Although DCE studies are increasingly used in health applications, they have limitations. First, respondents evaluate hypothetical treatments; although the tradeoffs are intended to simulate possible clinical decisions, they do not have the same clinical, financial, or emotional consequences of actual decisions. Thus, differences can arise between stated and actual treatment choices. Second, this study included only the selective AEs that differed between the two approved systemic therapies. There may be other factors that can influence actual treatment decisions that are not accounted for in this study.

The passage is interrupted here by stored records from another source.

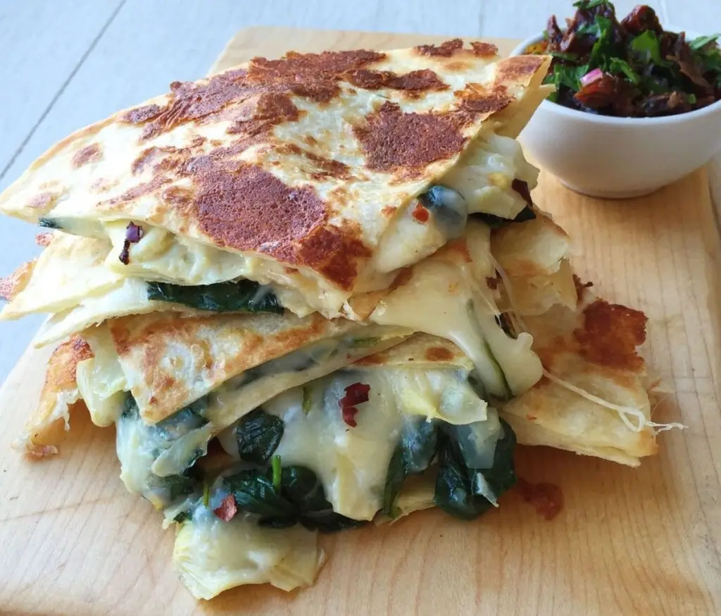 Everything you love about spinach-artichoke dip sandwiched in a quesadilla.
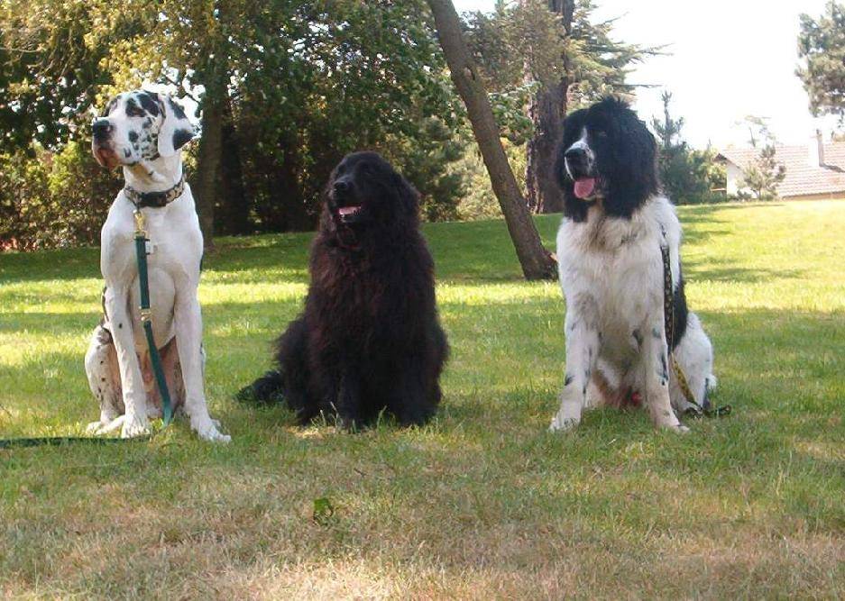 de gauche à droite:Twister dogue allemand de 16 mois , Punch croisé Terre-Neuve de 5 ans et Upsylhon Landseer de 10 mois
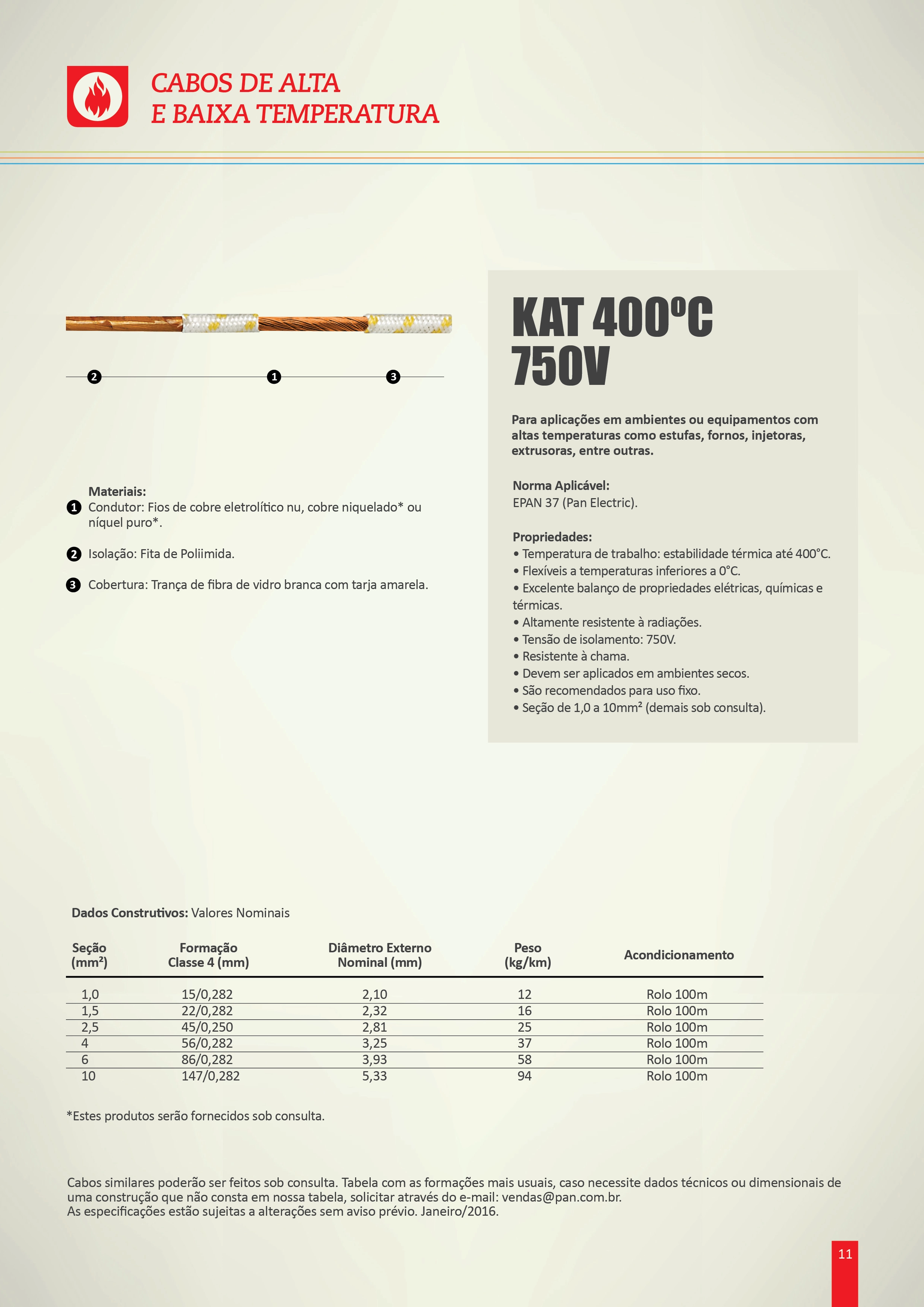 - Condutor: Fios de cobre eletrolitico nu,cobre niquelado* ou níquel puro*, encordoamento classe 4.

Third, our sampling strategy within the study design limits the confidence with which these results can be generalized to the RAI-R DTC patient population. For example, we surveyed a convenience sample of DTC patients in France, Germany, and Spain with access to the Internet. Our sample was younger and had more females compared with the actual patient populations in the clinical trials [16, 17]. Our sample included a small proportion (8.2%) of RAI-R DTC patients on systemic therapy; therefore, a portion of patients who participated in this study did not have experience with RAI-R disease and would not have been exposed to treatment-related risks of the three AEs included in the study. Although our study was not powered to test for variations in preferences between subgroups of respondents, it is unclear whether these differences mattered as previous preference studies have found that patient characteristics or experiences do not always have an effect on treatment preferences [33, 34]. Nevertheless, caution should be exercised when trying to generalize our findings to patients with different demographic or treatment histories or to patients in other countries in Europe, or elsewhere. For example, the finding that PFS was the most important attribute and severe hypertension was more important than severe proteinuria or severe HFSR may have a different impact on an older sample of actual RAI-R DTC patients who may have other comorbidities and can better understand the impact of comorbidities such as severe hypertension in their lives. Future research using a randomized patient sample being treated with TKIs for RAI-R DTC to verify our findings would be particularly valuable.

In conclusion, DTC patients showed preference toward treatment for RAI-R DTC over watchful waiting. Patients' concerns about the risk of severe hypertension appeared to have had a greater impact on patients' choice of systemic treatment than concerns about severe proteinuria or severe HFSR. The results of this study may offer some insights into patients' perspectives on treatments and offer some guidance in shared decision making between patients and physicians for RAI-R DTC treatments.